Sunday, January 13, 2013

I'm scared today........

Today has been a tough day for me. I overdid things yesterday with snowboarding and that experience made me realize how weak I've gotten from Lyme. I haven't gotten up out of bed all day. I'm feverish, in a lot of pain, and very mentally and emotionally drained. My mind is completely abnormal. I feel completely out of it. I have extreme depression and anxiety and I can't stop crying. I'm so upset. I've been getting worse symptom-wise for months. I feel like I'm never going to be the same as I was or even feel somewhat healthy again.
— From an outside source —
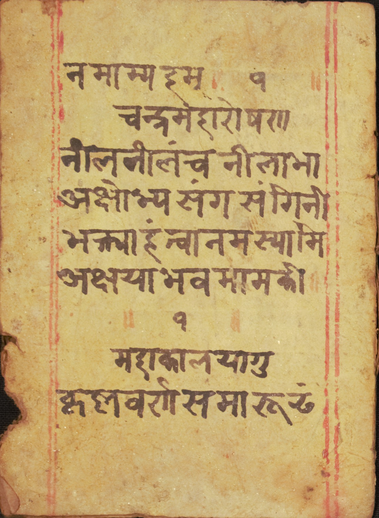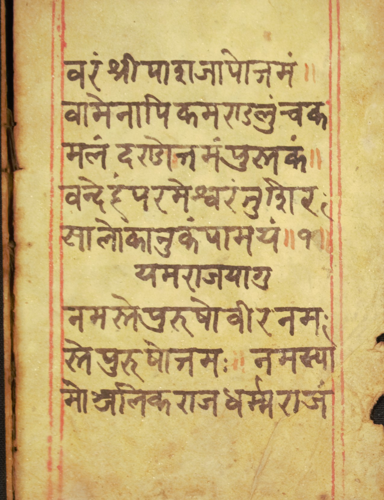 Stotra saṁgraha DSC01561DSC01562DSC01563DSC01564DSC01565DSC01566DSC01567DSC01568DSC01569DSC01570DSC01571DSC01572DSC01573DSC01574DSC01575DSC01576 Information about this Document Topic: StotraCollection: Kiran ShakyaLanguage: Sanskrit/Nepal BhasaScript: DevanagariMaterial: Yellow PaperSupport: ManuscriptCreation Date: Null Dimensions 1 (i.e. Length, etc. in cm): 8cmsDimensions 2 (i.e. Height, etc. in cm): 11.5cmsNumber of folios: 8Lines per leaf/folio: 9rKTs number (if applicable): N/A

I wasn't able to do a B12 shot today. I know that the lack of B12 is making the depression worse. My muscles are twitching too much. I was afraid that I would hurt myself if I tried to do it with twitching hands. I still have some fear after what happened the other day with the scary shot experience.  I'm afraid that will happen again.

I know I'm depressed when I'm not even looking forward to a vitamin IV. I don't know why I get so down and ready to give up. It's not like me at all and I think it could be either a side effect of one of my antibiotics or from herxing.

Either way,  I just feel like this combination is pretty much my last option and it's not working. I've tried everything but IV antibiotics (which I cannot afford). I'm worried that all of this will be permanent. I don't know how I will ever be able to live the rest of my life like this especially if it continues to get worse. I've tried so hard to get better. I've taken all kinds of antibiotics, herbs and  supplements. I haven't eaten gluten, sugar or dairy for a year. I just don't know what else I can do. I hate being out of control. I'm scared of how my life is going and I feel like there's no way for me to change it.